La SELU de Pharmacie d’officine de la Lorette et M. [W] [F], par leurs conclusions déposées et notifiées le 10 juin 2022, demandent à la cour de :
Vu les articles 562 et 901 du code de procédure civile,
— juger que la cour n’a pas été régulièrement saisie,
— confirmer le jugement entrepris en toutes ses dispositions,
— débouter l’EURL [Adresse 9] de l’ensemble de ses demandes, fins et conclusions,
— condamner l’EURL Pharmacie du Passage au paiement de la somme de 3.000 € au titre de l’article 700 du code de procédure civile,
— la condamner aux entiers dépens d’appel, ces derniers distraits au profit de la SCP Cohen Guedj- Montero- Daval Guedj sur son offre de droit.
La procédure a été clôturée par ordonnance en date du 23 janvier 2024.
MOTIFS
In limine litis, les parties intimées font valoir que la société [Adresse 9] n’a pas respecté le formalisme de l’article 901 du code de procédure civile en ne mentionnant pas les chefs du jugement qu’elle critique, de sorte que l’effet dévolutif n’opère pas et que la cour n’est pas valablement saisie par application des articles 562 et 901 du code de procédure civile.

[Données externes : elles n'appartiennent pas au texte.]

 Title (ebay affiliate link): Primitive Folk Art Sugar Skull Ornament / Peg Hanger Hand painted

La société appelante n’a pas répondu à ce moyen.
En vertu de l’article 901 du code de procédure civile, la déclaration d’appel est faite par un acte contenant, outre les mentions prescrites par les 2° et 3° de l’article 54 et par le troisième alinéa de l’article 57, et à peine de nullité:
(….)
4° Les chefs du jugement expressément critiqués auxquels l’appel est limité, sauf si l’appel tend à l’annulation du jugement ou si l’objet du litige est indivisible.
L’article 562 du même code, qui définit le contour de l’effet dévolutif de l’appel, dispose que l’appel défère à la cour la connaissance des chefs de jugement qu’il critique expressément et de ceux qui en dépendent. La dévolution ne s’opère pour le tout que lorsque l’appel tend à l’annulation du jugement ou si l’objet du litige est indivisible.

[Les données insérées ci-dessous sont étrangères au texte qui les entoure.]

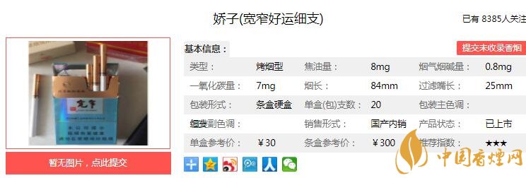 一、嬌子寬窄好運細(xì)支香煙價格

Il en résulte que seul l’acte d’appel emporte dévolution des chefs critiqués du jugement et la régularisation du vice de forme de la déclaration d’appel qui ne mentionne pas les chefs du jugement critiqués, ne s’opère, dans le délai imparti à l’appelant pour conclure au fond, que par une nouvelle déclaration d’appel, conformément à l’article 901 4° du code de procédure civile.

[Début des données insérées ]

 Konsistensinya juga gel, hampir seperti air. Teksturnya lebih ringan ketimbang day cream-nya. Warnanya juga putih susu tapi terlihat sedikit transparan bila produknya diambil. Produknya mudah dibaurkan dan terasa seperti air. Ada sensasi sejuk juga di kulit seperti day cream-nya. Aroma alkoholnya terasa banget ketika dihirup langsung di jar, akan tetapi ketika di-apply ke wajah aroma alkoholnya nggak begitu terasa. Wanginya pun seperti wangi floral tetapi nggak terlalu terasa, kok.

En l’occurrence, la déclaration d’appel formalisée le 1er mars 2022 par l’EURL Pharmacie du Passage ne vise aucun chef du jugement critiqué et aucune régularisation n’est intervenue dans le délai imparti à l’appelante pour conclure.
En outre, ces conclusions ultérieures mêmes déposées dans les délais légaux, ne peuvent saisir la cour d’appel.
La cour ne peut que constater que l’effet dévolutif ne joue pas et qu’elle n’est saisie d’aucun litige. Elle n’a donc pas à confirmer la décision attaquée.
L’équité et la situation économique des parties commandent de ne pas faire application des dispositions de l’article 700 du code de procédure civile en cause d’appel.
Vu l’article 696 du code de procédure civile;
PAR CES MOTIFS
La cour, statuant publiquement, par mise à disposition au greffe et par arrêt contradictoire,
Constate que la déclaration d’appel formalisée le 1er mars 2022 par l’EURL [Adresse 9] est dépourvue d’effet dévolutif,
Dit n’y avoir lieu à statuer en l’absence de litige,
Dit n’y avoir lieu à application des dispositions de l’article 700 du code de procédure civile en cause d’appel,
Condamne l’EURL Pharmacie du Passage aux dépens de la procédure d’appel qui pourront être recouvrés, par les avocats qui en ont fait la demande, conformément à l’article 699 du code de procédure civile.